### [TASK GOAL]
Starting at the line that contains "زينة سيارات نسائية" and stopping after the line that contains "Shell Pack- 8x10", transcribe the listing below exactly; do not include any pictures.

### [SUPPLIED DATA]

□ □ □ □ □

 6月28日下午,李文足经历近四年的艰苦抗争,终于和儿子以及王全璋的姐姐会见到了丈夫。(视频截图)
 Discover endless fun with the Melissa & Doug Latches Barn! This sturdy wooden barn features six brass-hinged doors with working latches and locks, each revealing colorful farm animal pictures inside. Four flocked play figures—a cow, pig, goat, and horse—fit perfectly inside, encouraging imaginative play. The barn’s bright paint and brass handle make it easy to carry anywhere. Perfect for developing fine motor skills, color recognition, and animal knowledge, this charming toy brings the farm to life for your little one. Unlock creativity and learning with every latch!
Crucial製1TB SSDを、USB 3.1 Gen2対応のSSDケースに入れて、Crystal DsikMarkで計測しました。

□ □ □ □ □

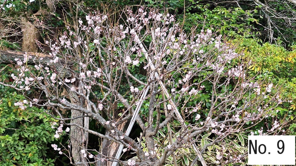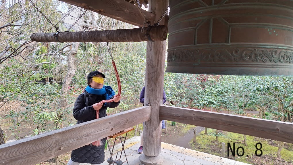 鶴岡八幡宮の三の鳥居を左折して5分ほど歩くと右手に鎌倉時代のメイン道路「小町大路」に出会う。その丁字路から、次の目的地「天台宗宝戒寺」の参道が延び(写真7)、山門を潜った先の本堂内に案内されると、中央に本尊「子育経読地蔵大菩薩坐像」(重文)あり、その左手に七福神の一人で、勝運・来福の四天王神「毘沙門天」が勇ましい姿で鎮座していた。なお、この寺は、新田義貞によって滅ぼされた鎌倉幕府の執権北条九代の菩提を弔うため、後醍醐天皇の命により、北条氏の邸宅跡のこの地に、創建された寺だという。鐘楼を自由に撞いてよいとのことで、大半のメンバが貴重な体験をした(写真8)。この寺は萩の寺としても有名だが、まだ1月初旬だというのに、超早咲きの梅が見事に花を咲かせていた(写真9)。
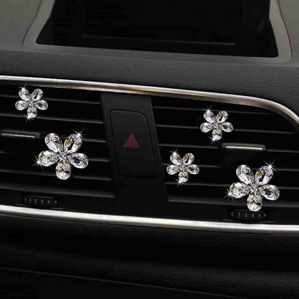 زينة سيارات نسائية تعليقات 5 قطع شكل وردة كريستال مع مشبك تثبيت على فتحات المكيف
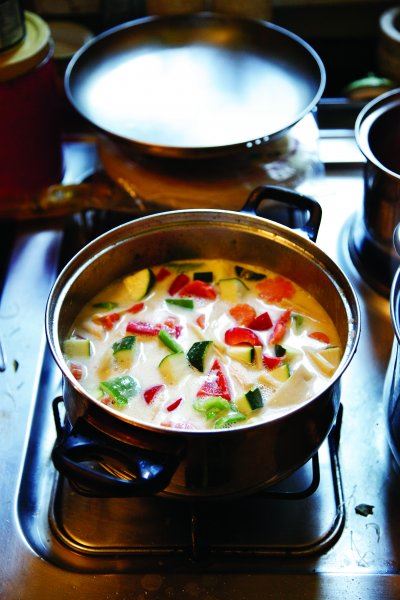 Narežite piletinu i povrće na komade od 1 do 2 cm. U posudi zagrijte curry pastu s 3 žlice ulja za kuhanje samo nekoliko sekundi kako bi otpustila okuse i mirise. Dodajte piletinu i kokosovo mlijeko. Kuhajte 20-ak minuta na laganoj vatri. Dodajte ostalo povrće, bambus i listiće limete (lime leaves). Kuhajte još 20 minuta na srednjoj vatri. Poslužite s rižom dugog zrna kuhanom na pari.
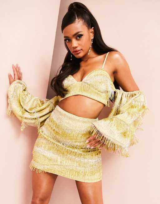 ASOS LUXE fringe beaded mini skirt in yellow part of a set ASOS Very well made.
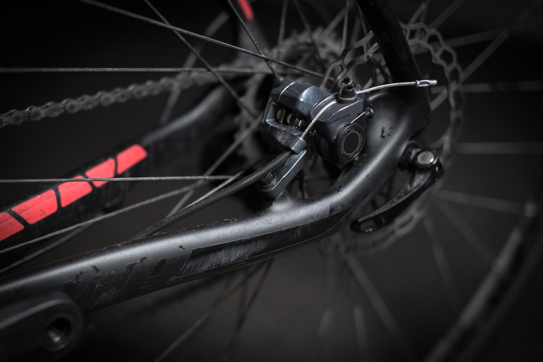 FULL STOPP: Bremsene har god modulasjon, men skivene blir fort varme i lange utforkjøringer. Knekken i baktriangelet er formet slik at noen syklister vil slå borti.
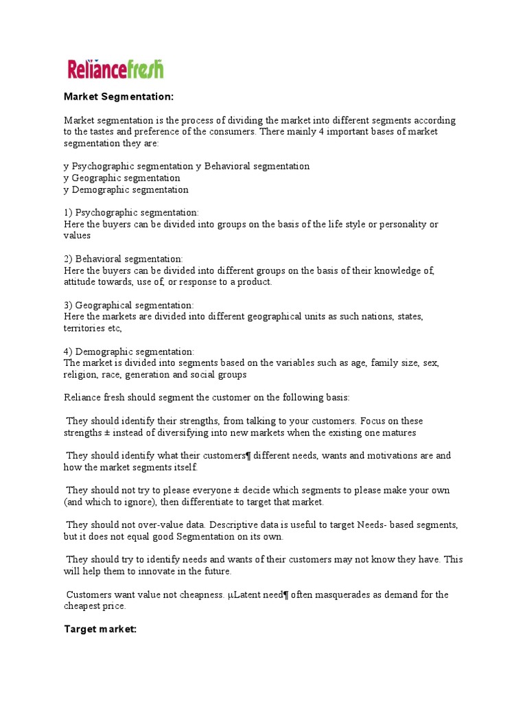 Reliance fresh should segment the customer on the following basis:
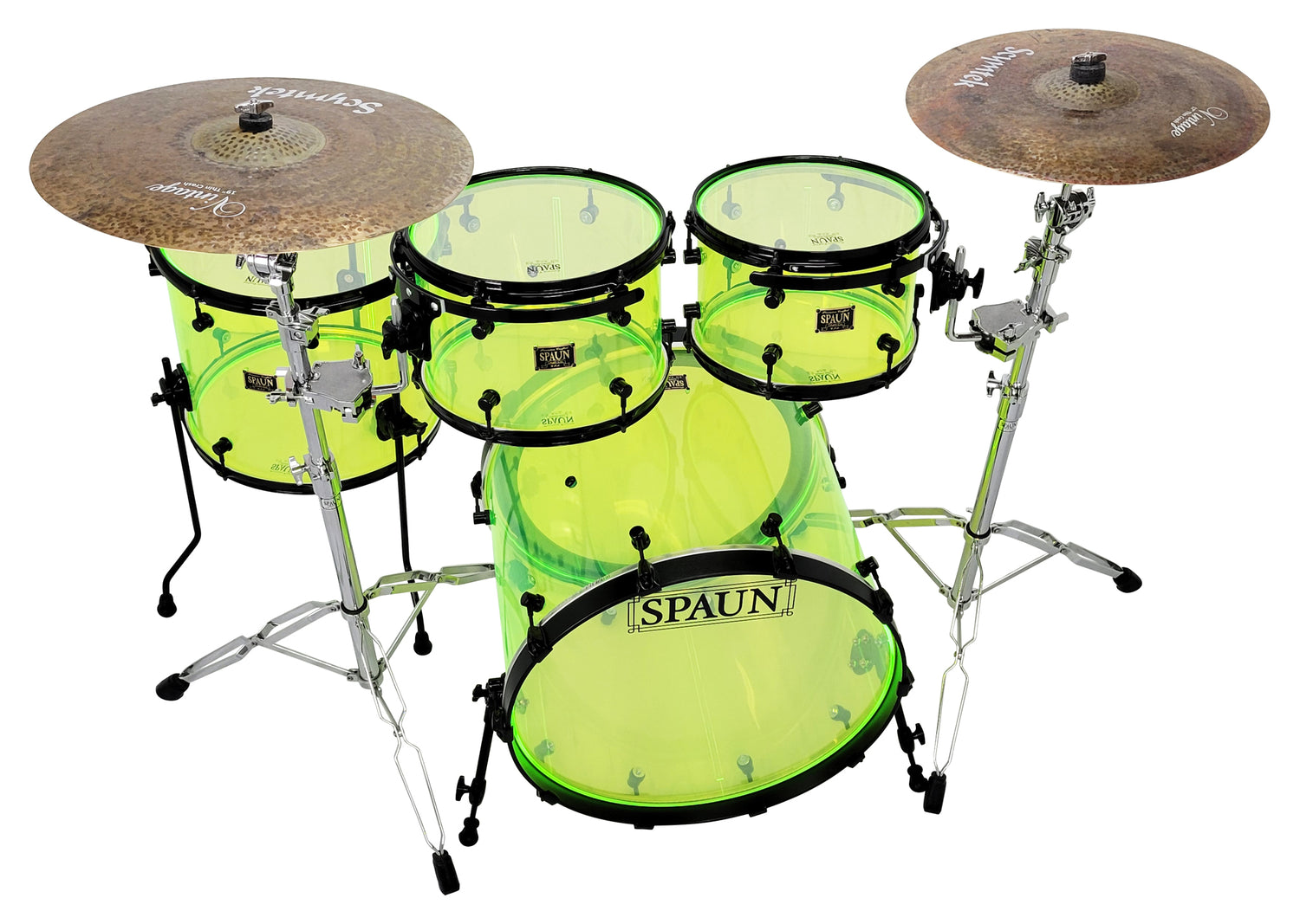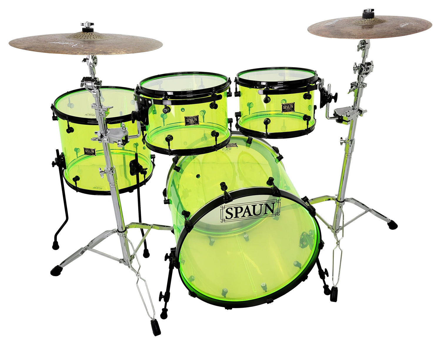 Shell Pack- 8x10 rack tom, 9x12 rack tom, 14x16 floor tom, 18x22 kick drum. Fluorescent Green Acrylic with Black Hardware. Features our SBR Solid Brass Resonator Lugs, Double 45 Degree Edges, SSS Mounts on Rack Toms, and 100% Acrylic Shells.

□ □ □ □ □

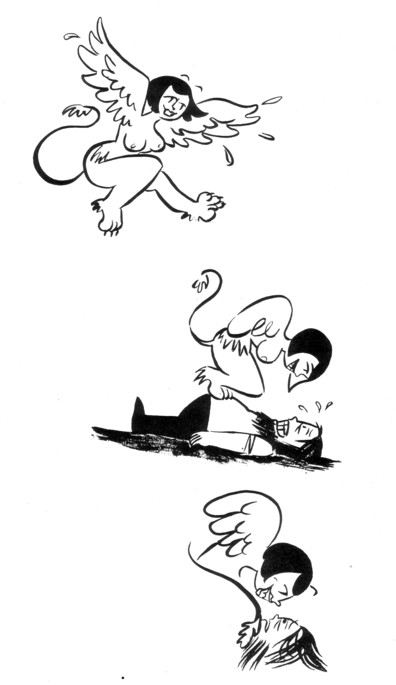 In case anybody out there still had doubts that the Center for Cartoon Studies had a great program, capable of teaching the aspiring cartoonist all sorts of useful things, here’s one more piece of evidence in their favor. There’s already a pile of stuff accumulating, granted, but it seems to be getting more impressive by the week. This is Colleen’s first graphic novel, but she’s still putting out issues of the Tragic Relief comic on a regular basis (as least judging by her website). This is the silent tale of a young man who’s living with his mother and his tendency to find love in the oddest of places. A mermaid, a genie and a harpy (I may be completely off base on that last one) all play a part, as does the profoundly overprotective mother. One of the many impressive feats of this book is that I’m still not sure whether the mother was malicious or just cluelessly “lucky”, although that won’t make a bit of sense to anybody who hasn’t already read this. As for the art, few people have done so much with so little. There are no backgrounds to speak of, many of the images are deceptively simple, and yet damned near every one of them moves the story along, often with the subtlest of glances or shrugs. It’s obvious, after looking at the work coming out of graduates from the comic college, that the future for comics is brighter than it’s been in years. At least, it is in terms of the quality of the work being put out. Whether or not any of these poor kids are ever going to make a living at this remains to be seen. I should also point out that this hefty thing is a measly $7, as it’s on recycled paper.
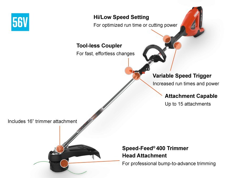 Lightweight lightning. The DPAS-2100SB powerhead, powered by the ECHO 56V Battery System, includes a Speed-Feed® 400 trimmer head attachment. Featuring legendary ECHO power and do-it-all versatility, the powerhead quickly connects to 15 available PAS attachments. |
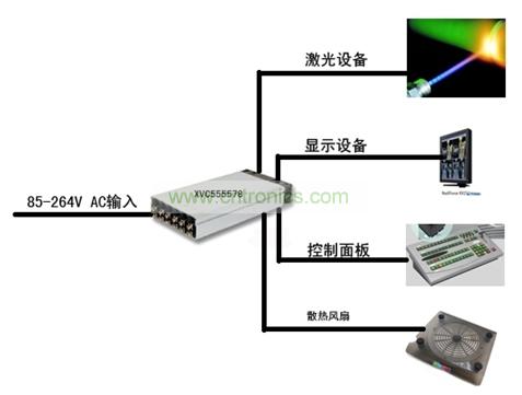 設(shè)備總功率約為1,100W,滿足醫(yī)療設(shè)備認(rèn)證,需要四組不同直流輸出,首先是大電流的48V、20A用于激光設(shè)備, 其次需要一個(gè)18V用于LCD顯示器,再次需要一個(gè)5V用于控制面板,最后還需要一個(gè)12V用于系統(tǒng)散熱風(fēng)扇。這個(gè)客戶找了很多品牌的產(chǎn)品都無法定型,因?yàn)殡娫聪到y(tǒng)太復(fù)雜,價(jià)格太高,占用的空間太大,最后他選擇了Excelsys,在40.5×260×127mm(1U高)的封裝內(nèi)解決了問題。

□ □ □ □ □

### [TASK RESPONSE]
 زينة سيارات نسائية تعليقات 5 قطع شكل وردة كريستال مع مشبك تثبيت على فتحات المكيف
 Narežite piletinu i povrće na komade od 1 do 2 cm. U posudi zagrijte curry pastu s 3 žlice ulja za kuhanje samo nekoliko sekundi kako bi otpustila okuse i mirise. Dodajte piletinu i kokosovo mlijeko. Kuhajte 20-ak minuta na laganoj vatri. Dodajte ostalo povrće, bambus i listiće limete (lime leaves). Kuhajte još 20 minuta na srednjoj vatri. Poslužite s rižom dugog zrna kuhanom na pari.
 ASOS LUXE fringe beaded mini skirt in yellow part of a set ASOS Very well made.
 FULL STOPP: Bremsene har god modulasjon, men skivene blir fort varme i lange utforkjøringer. Knekken i baktriangelet er formet slik at noen syklister vil slå borti.
 Reliance fresh should segment the customer on the following basis:
 Shell Pack- 8x10 rack tom, 9x12 rack tom, 14x16 floor tom, 18x22 kick drum. Fluorescent Green Acrylic with Black Hardware. Features our SBR Solid Brass Resonator Lugs, Double 45 Degree Edges, SSS Mounts on Rack Toms, and 100% Acrylic Shells.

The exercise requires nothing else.